(Records from a collection)
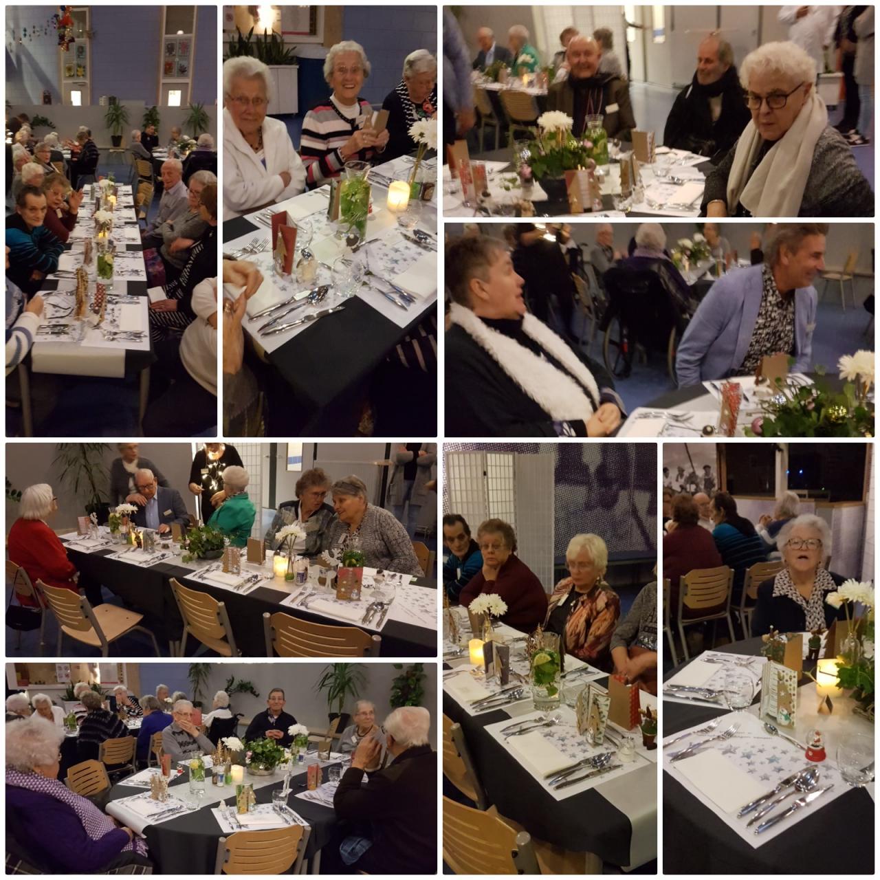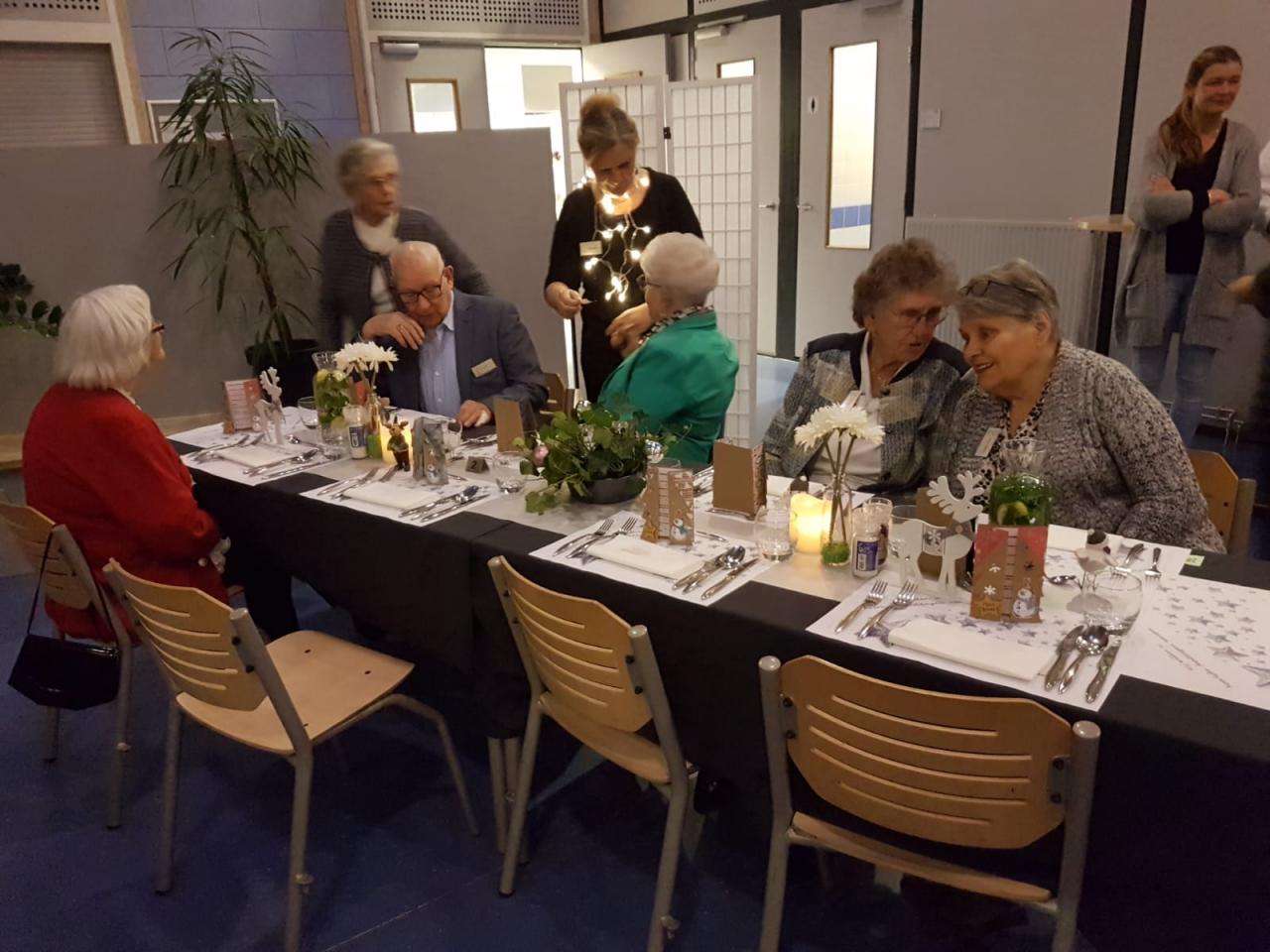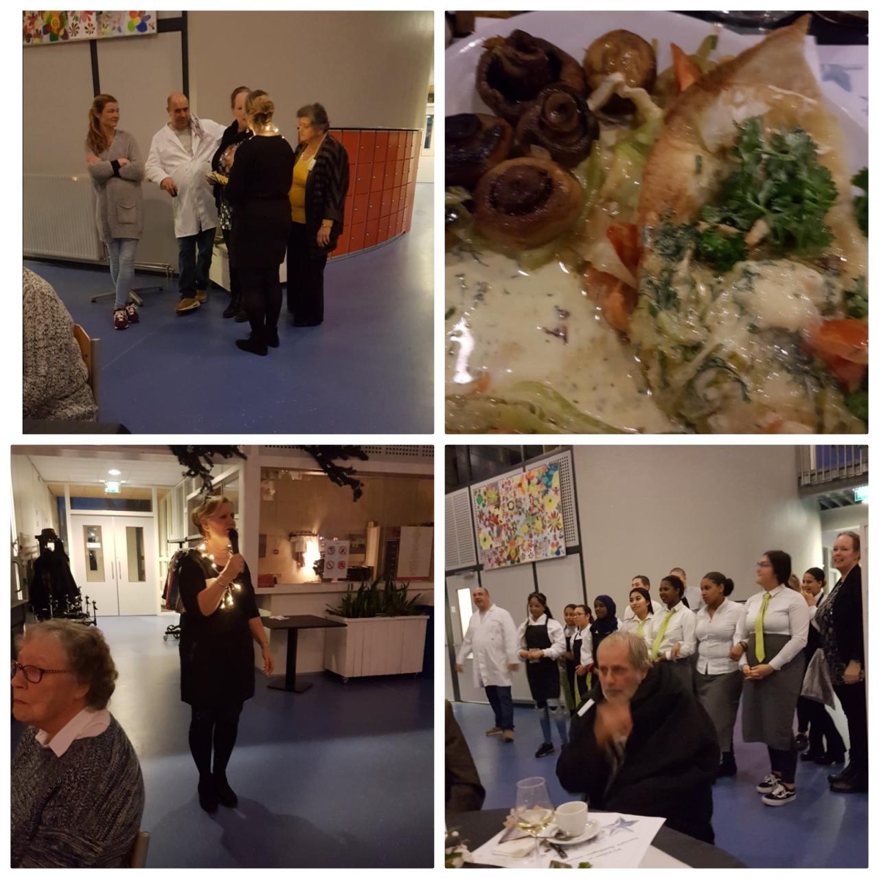 Donderdag 13 december was het eindelijk zover. Veel gasten van de Zonnebloem hebben kunnen genieten van een heerlijk kerstdiner, verzorgd door de leerlingen van de kaderopleiding van het IJsselcollege. Na binnenkomst werden door Sanne en Rosemary de jassen opgehangen en werd een ieder hartelijk welkom geheten door Hanneke. Er werd een lekker aperitiefje rondgedeeld: bubbeltjes sorbet van groene appeltjes. Daarna kwam het voorgerecht in een mooi wijnglas geserveerd. Dit bestond uit een mabre van gravad lax en schol met nog een lekker soepje erna. Na een mooi kerstverhaal, voorgedragen door Joke, werden de hoofdgerechten uitgeserveerd. Wat hebben we genoten van het vleesmenu (kalfwang) of het vismenu (kabeljouw). En er werd volop gezellig gekletst onder elkaar. Helaas kon onze Cisca met haar gitaar er, door priveomstandigheden, niet bij zijn waarop Christa met de andere vrijwilligers diverse kerstliederen inzette en er goed werd meegezongen. Toen volgde er nog een lekker dessert van Tiramisu met ijs en er werd afgesloten met een kopje koffie. Nadat de vrijwilligers de jassen weer hadden uitgedeeld ging iedereen voldaan weer huiswaarts na een erg gezellige avond.
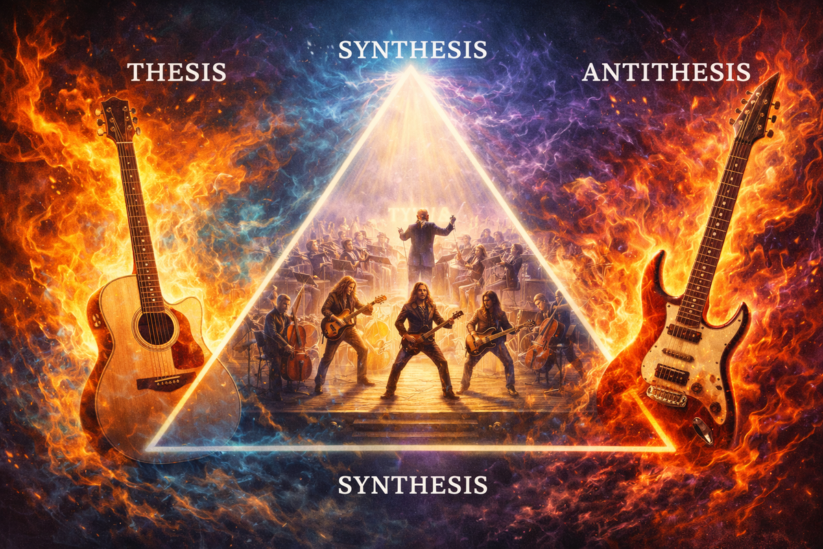 Музыкальный мир, как и мир философии, постоянно развивается через столкновение противоположностей. В этой статье мы рассмотрим, как диалектический метод, упрощённо представленный формулой «тезис — антитезис — синтез», проявляется в эволюции тяжелой музыки. Начнём с основ. Философ Гегель в своей «Науке логики» описывал логический процесс через триаду «понимание — диалектическое суждение — спекулятивное суждение». Однако, чтобы не углубляться в сложные философские дебри, воспользуемся упрощённой версией, предложенной Генрихом Халибеусом: тезис, антитезис и синтез. Тезис — это исходное утверждение, антитезис — его отрицание, а синтез — разрешение противоречия, объединяющее элементы обоих. Как это работает в музыке? Возьмём вокал. Чистый вокал (тезис) предполагает красивые мелодии, понятные тексты. Но в противовес ему возник гроулинг (антитезис) — рычание, издаваемое вокалистом, когда разобрать хоть слово становится непосильной задачей для большинства слушателей. И что получилось в результ
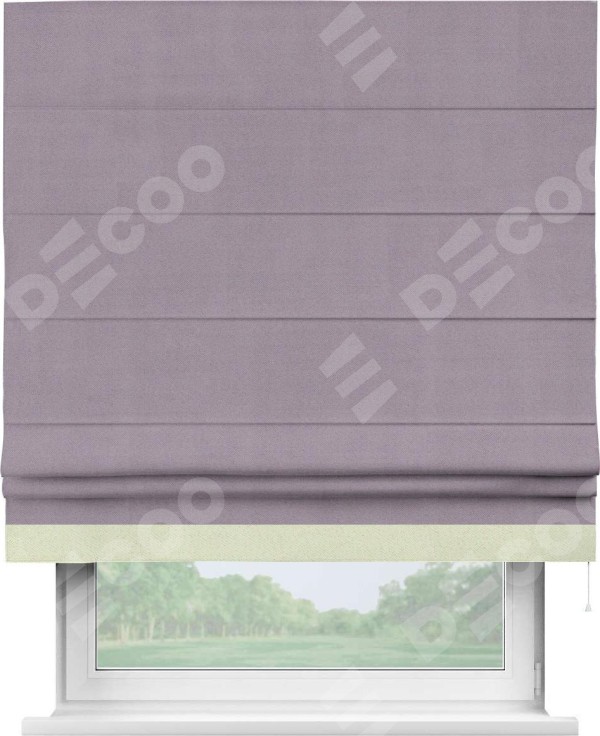 Римская штора «Кортин» для проёма, блэкаут однотонный лиловый с кантом Джестер
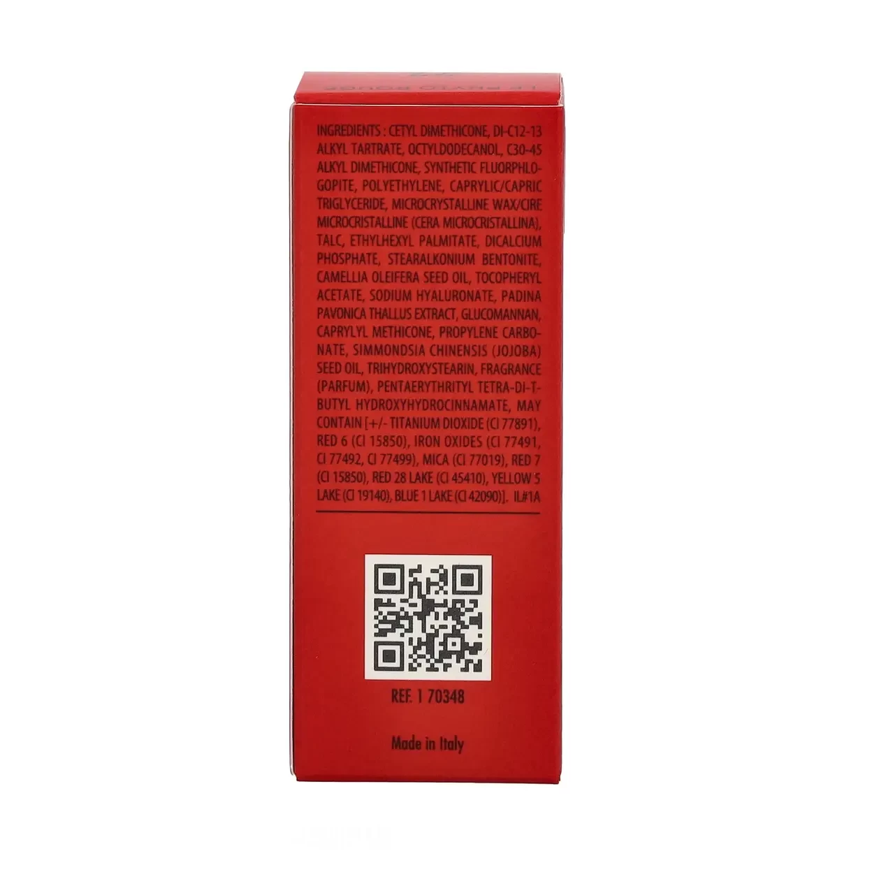 Cetyl Dimethicone, Di-C12-13 Alkyl Tartrate, Octyldodecanol, C30-45 Alkyl Dimethicone, Synthetic Fluorphlogopite, Polyethylene, Caprylic/Capric Triglyceride, Microcrystalline Wax.(Cera Microcristallina), Talc, Ethylhexyl Palmitate, Dicalcium Phosphate, Stearalkonium Bentonite, Camellia Oleifera Seed Oil, Tocopheryl Acetate, Sodium Hyaluronate, Padina Pavonica Thallus Extract, Glucomannan, Caprylyl Methicone, Propylene Carbonate, Simmondsia Chinensis (Jojoba) Seed Oil, Trihydroxystearin, Fragrance (Parfum), Pentaerythrityl Tetra-Di-T-Butyl Hydroxyhydrocinnamate
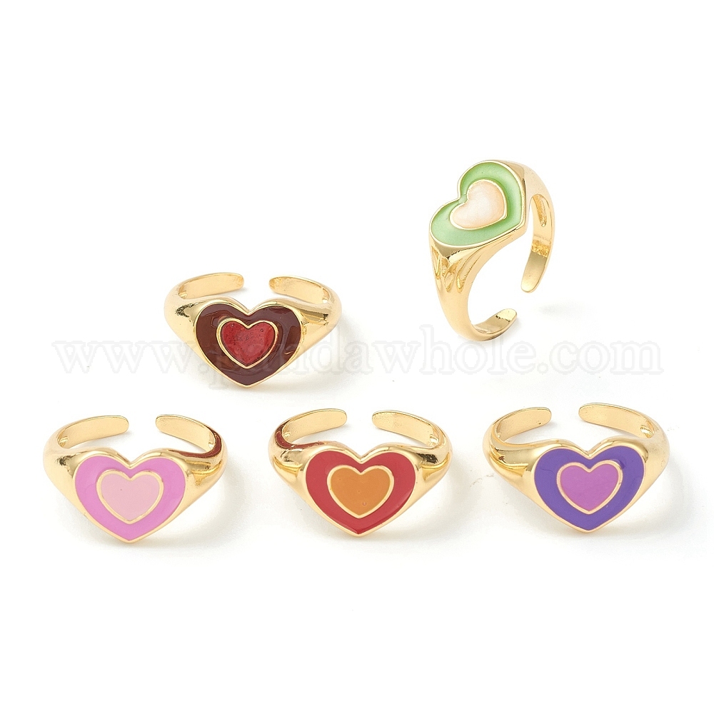 Манжеты с латунной эмалью, открытые кольца, сердце, золотые
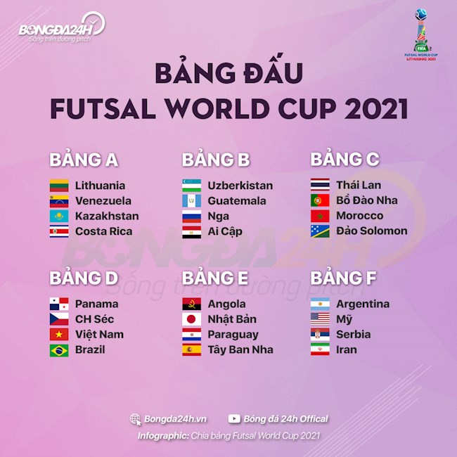 Vào tối qua 1/6, LĐBĐ thế giới FIFA đã tổ chức lễ bốc thăm Futsal World Cup 2021 tại trụ sở của mình ở Thụy Sỹ. Kết quả là tuyển futsal Việt Nam nằm ở bảng D cùng với Panama, Séc và Brazil.
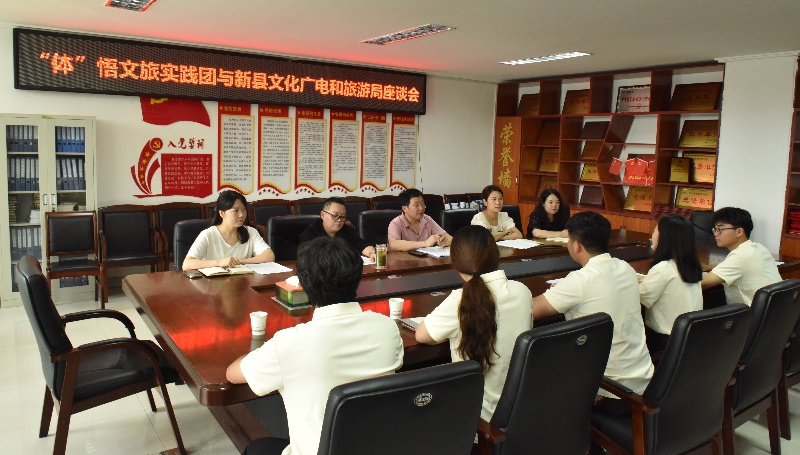 与新县文化广电和旅游局的座谈会处处弥漫着思维碰撞的火花。局长王巍展开“红绿古”三色发展蓝图:“十年建成健身步道218公里,红色体育设施覆盖12乡镇。”他特别强调,新县2024年接待游客1398万人次,其中红色旅游占比92.5%,体育正成为文旅融合新引擎,并补充道:“7月22日,新县将在将军山举行大型影视特技特效红色实景演艺《红旗不倒大别山》,是新县对自身红色文化的自信,也想让更多中国各地的人们看到新县的‘红旗不倒’。”

## WORK REQUIRED
Return all of the records above exactly as written. Omit each picture.

## OUTPUT BELOW
 Donderdag 13 december was het eindelijk zover. Veel gasten van de Zonnebloem hebben kunnen genieten van een heerlijk kerstdiner, verzorgd door de leerlingen van de kaderopleiding van het IJsselcollege. Na binnenkomst werden door Sanne en Rosemary de jassen opgehangen en werd een ieder hartelijk welkom geheten door Hanneke. Er werd een lekker aperitiefje rondgedeeld: bubbeltjes sorbet van groene appeltjes. Daarna kwam het voorgerecht in een mooi wijnglas geserveerd. Dit bestond uit een mabre van gravad lax en schol met nog een lekker soepje erna. Na een mooi kerstverhaal, voorgedragen door Joke, werden de hoofdgerechten uitgeserveerd. Wat hebben we genoten van het vleesmenu (kalfwang) of het vismenu (kabeljouw). En er werd volop gezellig gekletst onder elkaar. Helaas kon onze Cisca met haar gitaar er, door priveomstandigheden, niet bij zijn waarop Christa met de andere vrijwilligers diverse kerstliederen inzette en er goed werd meegezongen. Toen volgde er nog een lekker dessert van Tiramisu met ijs en er werd afgesloten met een kopje koffie. Nadat de vrijwilligers de jassen weer hadden uitgedeeld ging iedereen voldaan weer huiswaarts na een erg gezellige avond.
 Музыкальный мир, как и мир философии, постоянно развивается через столкновение противоположностей. В этой статье мы рассмотрим, как диалектический метод, упрощённо представленный формулой «тезис — антитезис — синтез», проявляется в эволюции тяжелой музыки. Начнём с основ. Философ Гегель в своей «Науке логики» описывал логический процесс через триаду «понимание — диалектическое суждение — спекулятивное суждение». Однако, чтобы не углубляться в сложные философские дебри, воспользуемся упрощённой версией, предложенной Генрихом Халибеусом: тезис, антитезис и синтез. Тезис — это исходное утверждение, антитезис — его отрицание, а синтез — разрешение противоречия, объединяющее элементы обоих. Как это работает в музыке? Возьмём вокал. Чистый вокал (тезис) предполагает красивые мелодии, понятные тексты. Но в противовес ему возник гроулинг (антитезис) — рычание, издаваемое вокалистом, когда разобрать хоть слово становится непосильной задачей для большинства слушателей. И что получилось в результ
 Римская штора «Кортин» для проёма, блэкаут однотонный лиловый с кантом Джестер
 Cetyl Dimethicone, Di-C12-13 Alkyl Tartrate, Octyldodecanol, C30-45 Alkyl Dimethicone, Synthetic Fluorphlogopite, Polyethylene, Caprylic/Capric Triglyceride, Microcrystalline Wax.(Cera Microcristallina), Talc, Ethylhexyl Palmitate, Dicalcium Phosphate, Stearalkonium Bentonite, Camellia Oleifera Seed Oil, Tocopheryl Acetate, Sodium Hyaluronate, Padina Pavonica Thallus Extract, Glucomannan, Caprylyl Methicone, Propylene Carbonate, Simmondsia Chinensis (Jojoba) Seed Oil, Trihydroxystearin, Fragrance (Parfum), Pentaerythrityl Tetra-Di-T-Butyl Hydroxyhydrocinnamate
 Манжеты с латунной эмалью, открытые кольца, сердце, золотые
 Vào tối qua 1/6, LĐBĐ thế giới FIFA đã tổ chức lễ bốc thăm Futsal World Cup 2021 tại trụ sở của mình ở Thụy Sỹ. Kết quả là tuyển futsal Việt Nam nằm ở bảng D cùng với Panama, Séc và Brazil.
 与新县文化广电和旅游局的座谈会处处弥漫着思维碰撞的火花。局长王巍展开“红绿古”三色发展蓝图:“十年建成健身步道218公里,红色体育设施覆盖12乡镇。”他特别强调,新县2024年接待游客1398万人次,其中红色旅游占比92.5%,体育正成为文旅融合新引擎,并补充道:“7月22日,新县将在将军山举行大型影视特技特效红色实景演艺《红旗不倒大别山》,是新县对自身红色文化的自信,也想让更多中国各地的人们看到新县的‘红旗不倒’。”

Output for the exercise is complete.